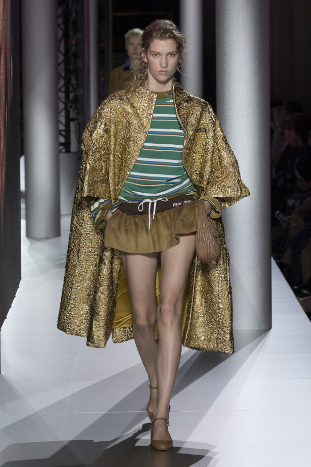E ciò che rende questa collezione straordinaria è il proprio modo in cui si fonde il passato con il presente: “La storia è importante”, chiosa la designer. “Gli abiti stessi portano le tracce della vita, mostrando segni di lavaggi, strappi e materiali segnati dal tempo. Questi dettagli sono un omaggio all’usura e all’amore che questi capi hanno vissuto nel corso degli anni”, sottolinea ancora Miuccia Prada che in Miu Miu esprime la sua anima più profonda dando libero sfogo alla sua linfa creativa. Così, ecco lavaggi, strappi, scamosciati e pelli segnate, un’amplificazione del passare del tempo che è espressione di uso precedente, di amore re-sistente.
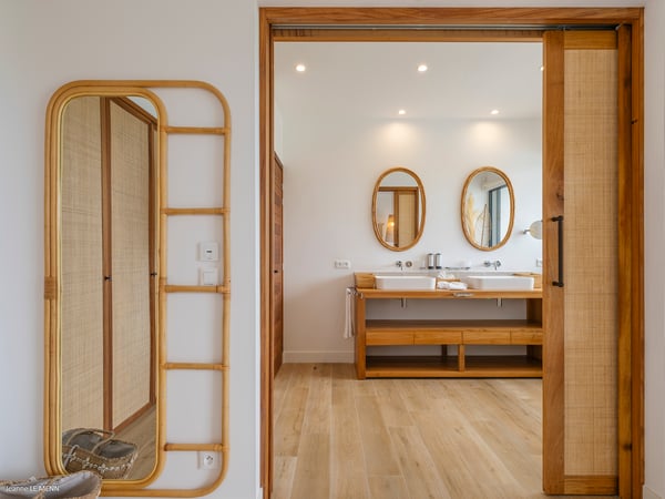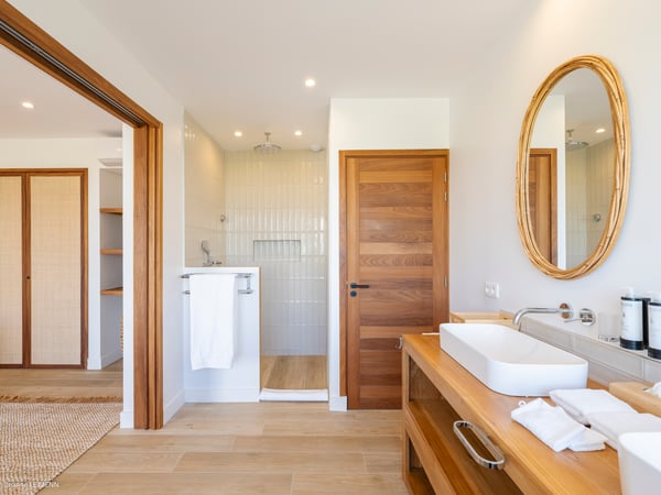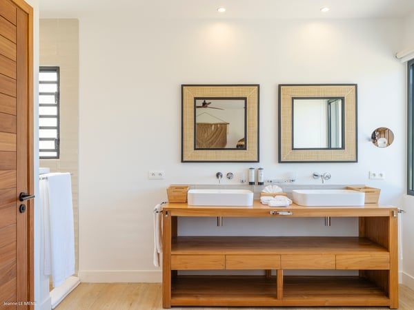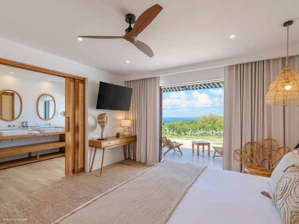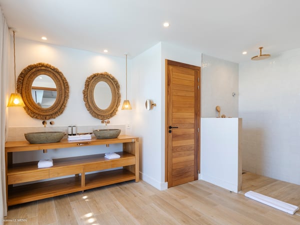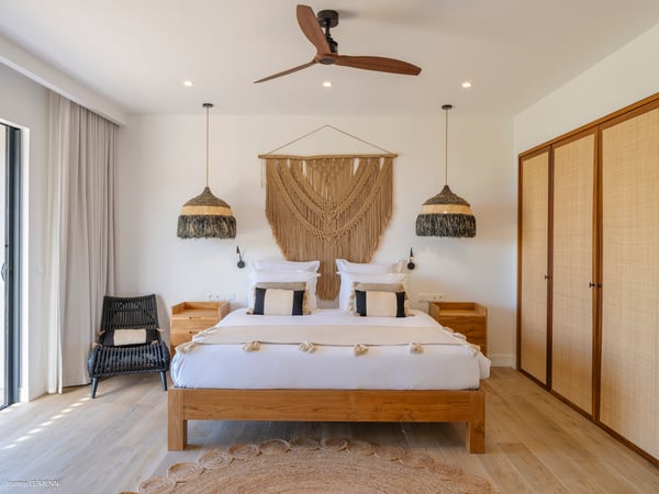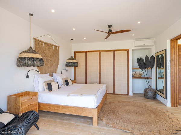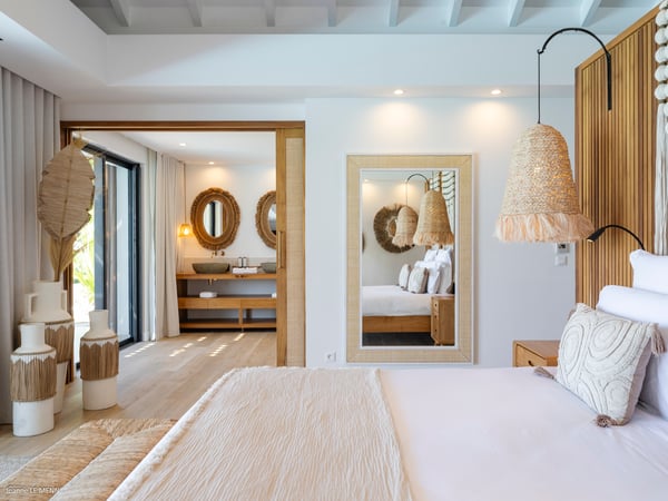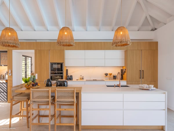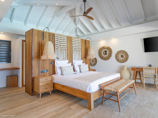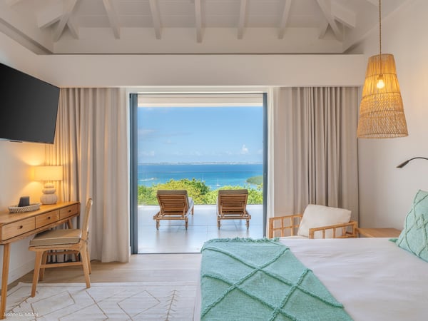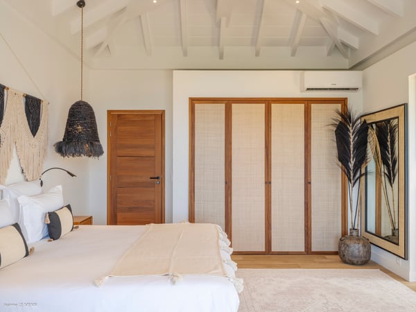 Villa Abaca is an exceptional retreat nestled in the heights of Anse Marcel, offering an idyllic setting where luxury and comfort blend seamlessly. This sumptuous five-bedroom residence captivates with its elegance and openness to the ocean, providing breathtaking views from both the shared living spaces and the private suites. From the moment you step inside, the open and luminous architecture creates a natural transition between the indoors and outdoors, evoking a sense of space and freedom. The expansive living room, bathed in natural light, enhances this harmony by seamlessly connecting to the infinity pool. The outdoor areas combine conviviality and relaxation. An elegant pergola shelters a fire pit, creating an ideal setting for enchanting evenings. Suspended swings over the water harmoniously link the pool to the outdoor living area, crafting a unique space that adapts effortlessly to your desires. Two open-air dining areas invite you to savour shared moments in this paradisiacal setting, one of which features a barbecue for exceptional gourmet experiences. The five bedrooms, all opening onto the horizon, offer absolute privacy. Each is equipped with a bright en-suite bathroom, ensuring both comfort and well-being. The primary suite stands out with a walk-in closet, designed for an elevated luxury experience. To enhance your stay, the villa offers premium leisure and wellness amenities. A fully equipped gym and a pétanque court complete the property, providing inviting spaces for moments of relaxation and conviviality with family and friends. Villa Abaca is a true invitation to escape, where every detail has been meticulously designed to offer a unique experience. In perfect harmony with the gentle way of life in Anse Marcel, it promises an exceptional stay in an intimate yet spectacular setting.
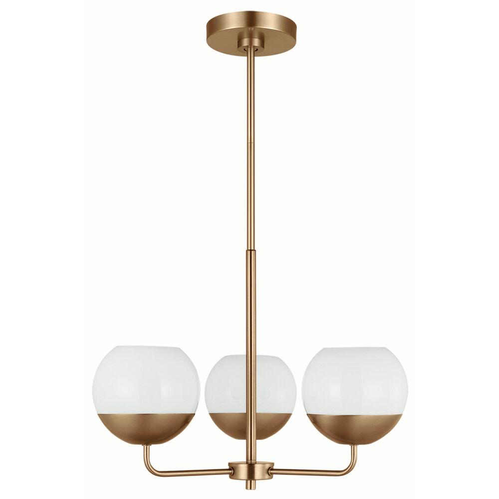 Contemporary / modern satin brass 3-light chandelier with milk glass shade
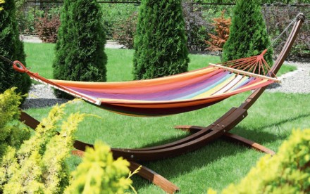 Jeżeli dysponujemy dużym ogrodem, mamy spory, możliwy do zaaranżowania teren, to bez dwóch zdań zdecydujmy się na tradycyjny duży hamak pozwalający na przyjęcie wygodnej, relaksującej pozycji leżącej. Jeśli nasz ogród jest zadrzewiony, nie będziemy mieć problemu z rozwieszeniem takiego modelu, natomiast gdy nie mamy drzew, ale np. duże płaszczyzny trawnika, wybierzmy hamak z gotowym stelażem. Hamaki pełnowymiarowe znajdziemy w różnych wersjach i w zależności od naszych preferencji bez trudu dobierzemy model praktyczny oraz funkcjonalny, a przy tym dekoracyjny. Tradycyjne hamaki ażurowe z plecionego bawełniano- poliestrowego sznurka, przypominające rybacką sieć są lekkie i wygodne w montażu. Szybko schną w razie deszczu oraz nie brudzą się tak jak pełne, kiedy zostawimy je na noc na zewnątrz (drobne gałązki, igły i listki przelatują przez siatkę). Niestety dłuższe leżenie na nich, szczególnie bez „wyściółki” powoduje, że sznurek może nam dokuczać, nieprzyjemnie wbijając się w skórę. Ponadto wszelkie drobiazgi, jakie zabierzemy ze sobą na hamak, np. telefon, mogą nam wyślizgnąć się na ziemię. Wygodniejszy zatem będzie wariant pełny, wykonany zwykle z impregnowanego materiału łączącego w sobie bawełnę i poliester. Warto jednak zastosować przy takim modelu „szybki montaż” (np. w wersji karabińczyków), który pozwoli na łatwe zdejmowania hamaka, gdy zbiera się na wiatr i deszcz. Wśród hamaków pełnych znajdziemy duży asortyment wzorów oraz kolorów, zarówno tych nadających się do romantycznych letnich scenerii typu boho (wykończone np. koronkowymi frędzlami i koronkami), jak i modeli sportowo-survivalowych doskonale kamuflujących się pośród drzew.
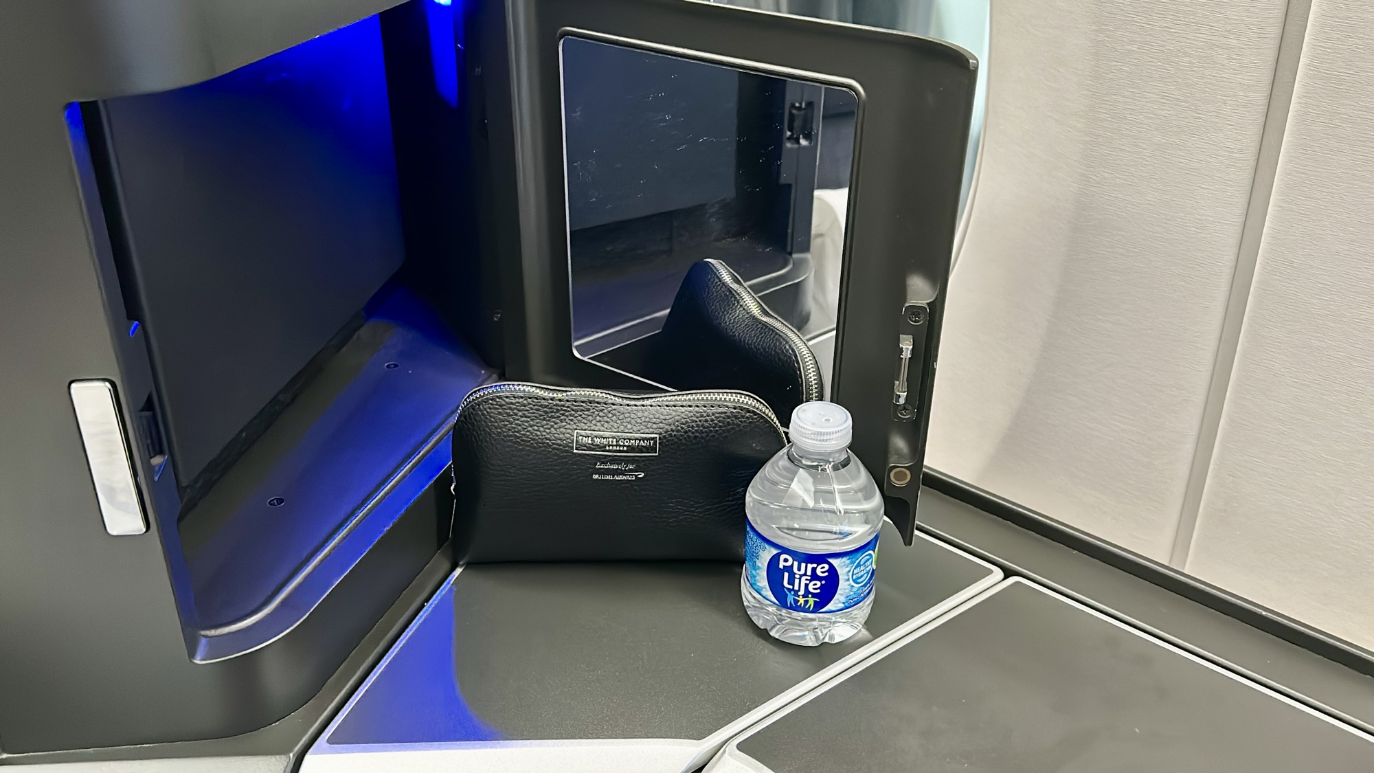 The Business Class Amenities – While British Airways doesn’t provide pajamas or slippers in business class, they do offer a selection of thoughtful amenities. A leather pouch from The White Company London awaited us at our seats, stocked with noise-canceling headphones and bottled water. The bedding and pillow were of good quality, and the addition of a thin mattress pad made the seat a bit more comfortable for sleeping. Although the lavatories weren’t particularly spacious, they were well-maintained, regularly cleaned, and stocked with a selection of toiletries.
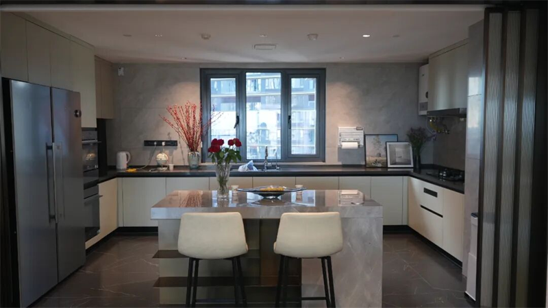 廚房淺色櫥柜搭配黑色臺(tái)面與灰色墻面,營(yíng)造出干凈利落的視覺效果。中央島臺(tái)采用大理石材質(zhì),兼具操作臺(tái)與吧臺(tái)功能。嵌入式冰箱、烤箱與洗碗機(jī)等高端家電一應(yīng)俱全,布局合理,提升使用效率。綠植與花藝點(diǎn)綴其間,為空間增添生活氣息,讓下廚也成為一種享受。
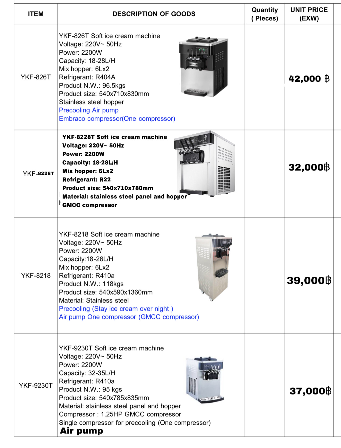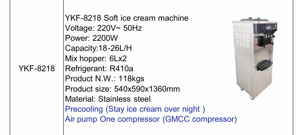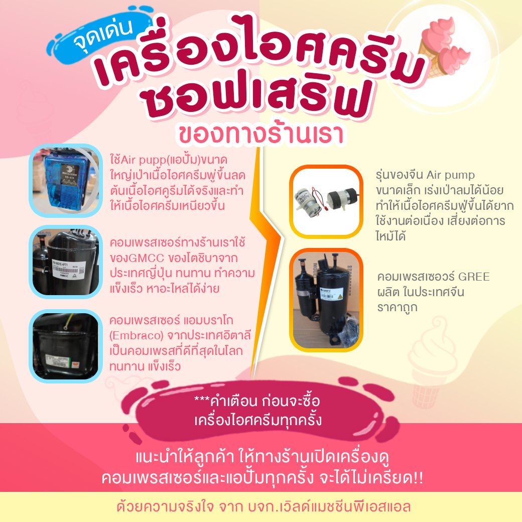 Precooling (ระบบพีคลูลิ่ง) ช่วยให้ไอศครีมสดใหม่ระหว่างวันไม่ให้ไอศครีมเสียในช่วงอากาศร้อน) ไม่ต้องล้างเครื่องทุกวัน) (stay ice cream mix over night)

### WHAT IS NEEDED
All text in the material above must be written out exactly; the images are to be skipped.

### SOLUTION TO THE EXERCISE
E ciò che rende questa collezione straordinaria è il proprio modo in cui si fonde il passato con il presente: “La storia è importante”, chiosa la designer. “Gli abiti stessi portano le tracce della vita, mostrando segni di lavaggi, strappi e materiali segnati dal tempo. Questi dettagli sono un omaggio all’usura e all’amore che questi capi hanno vissuto nel corso degli anni”, sottolinea ancora Miuccia Prada che in Miu Miu esprime la sua anima più profonda dando libero sfogo alla sua linfa creativa. Così, ecco lavaggi, strappi, scamosciati e pelli segnate, un’amplificazione del passare del tempo che è espressione di uso precedente, di amore re-sistente.
 Villa Abaca is an exceptional retreat nestled in the heights of Anse Marcel, offering an idyllic setting where luxury and comfort blend seamlessly. This sumptuous five-bedroom residence captivates with its elegance and openness to the ocean, providing breathtaking views from both the shared living spaces and the private suites. From the moment you step inside, the open and luminous architecture creates a natural transition between the indoors and outdoors, evoking a sense of space and freedom. The expansive living room, bathed in natural light, enhances this harmony by seamlessly connecting to the infinity pool. The outdoor areas combine conviviality and relaxation. An elegant pergola shelters a fire pit, creating an ideal setting for enchanting evenings. Suspended swings over the water harmoniously link the pool to the outdoor living area, crafting a unique space that adapts effortlessly to your desires. Two open-air dining areas invite you to savour shared moments in this paradisiacal setting, one of which features a barbecue for exceptional gourmet experiences. The five bedrooms, all opening onto the horizon, offer absolute privacy. Each is equipped with a bright en-suite bathroom, ensuring both comfort and well-being. The primary suite stands out with a walk-in closet, designed for an elevated luxury experience. To enhance your stay, the villa offers premium leisure and wellness amenities. A fully equipped gym and a pétanque court complete the property, providing inviting spaces for moments of relaxation and conviviality with family and friends. Villa Abaca is a true invitation to escape, where every detail has been meticulously designed to offer a unique experience. In perfect harmony with the gentle way of life in Anse Marcel, it promises an exceptional stay in an intimate yet spectacular setting.
 Contemporary / modern satin brass 3-light chandelier with milk glass shade
 Jeżeli dysponujemy dużym ogrodem, mamy spory, możliwy do zaaranżowania teren, to bez dwóch zdań zdecydujmy się na tradycyjny duży hamak pozwalający na przyjęcie wygodnej, relaksującej pozycji leżącej. Jeśli nasz ogród jest zadrzewiony, nie będziemy mieć problemu z rozwieszeniem takiego modelu, natomiast gdy nie mamy drzew, ale np. duże płaszczyzny trawnika, wybierzmy hamak z gotowym stelażem. Hamaki pełnowymiarowe znajdziemy w różnych wersjach i w zależności od naszych preferencji bez trudu dobierzemy model praktyczny oraz funkcjonalny, a przy tym dekoracyjny. Tradycyjne hamaki ażurowe z plecionego bawełniano- poliestrowego sznurka, przypominające rybacką sieć są lekkie i wygodne w montażu. Szybko schną w razie deszczu oraz nie brudzą się tak jak pełne, kiedy zostawimy je na noc na zewnątrz (drobne gałązki, igły i listki przelatują przez siatkę). Niestety dłuższe leżenie na nich, szczególnie bez „wyściółki” powoduje, że sznurek może nam dokuczać, nieprzyjemnie wbijając się w skórę. Ponadto wszelkie drobiazgi, jakie zabierzemy ze sobą na hamak, np. telefon, mogą nam wyślizgnąć się na ziemię. Wygodniejszy zatem będzie wariant pełny, wykonany zwykle z impregnowanego materiału łączącego w sobie bawełnę i poliester. Warto jednak zastosować przy takim modelu „szybki montaż” (np. w wersji karabińczyków), który pozwoli na łatwe zdejmowania hamaka, gdy zbiera się na wiatr i deszcz. Wśród hamaków pełnych znajdziemy duży asortyment wzorów oraz kolorów, zarówno tych nadających się do romantycznych letnich scenerii typu boho (wykończone np. koronkowymi frędzlami i koronkami), jak i modeli sportowo-survivalowych doskonale kamuflujących się pośród drzew.
 The Business Class Amenities – While British Airways doesn’t provide pajamas or slippers in business class, they do offer a selection of thoughtful amenities. A leather pouch from The White Company London awaited us at our seats, stocked with noise-canceling headphones and bottled water. The bedding and pillow were of good quality, and the addition of a thin mattress pad made the seat a bit more comfortable for sleeping. Although the lavatories weren’t particularly spacious, they were well-maintained, regularly cleaned, and stocked with a selection of toiletries.
 廚房淺色櫥柜搭配黑色臺(tái)面與灰色墻面,營(yíng)造出干凈利落的視覺效果。中央島臺(tái)采用大理石材質(zhì),兼具操作臺(tái)與吧臺(tái)功能。嵌入式冰箱、烤箱與洗碗機(jī)等高端家電一應(yīng)俱全,布局合理,提升使用效率。綠植與花藝點(diǎn)綴其間,為空間增添生活氣息,讓下廚也成為一種享受。
 Precooling (ระบบพีคลูลิ่ง) ช่วยให้ไอศครีมสดใหม่ระหว่างวันไม่ให้ไอศครีมเสียในช่วงอากาศร้อน) ไม่ต้องล้างเครื่องทุกวัน) (stay ice cream mix over night)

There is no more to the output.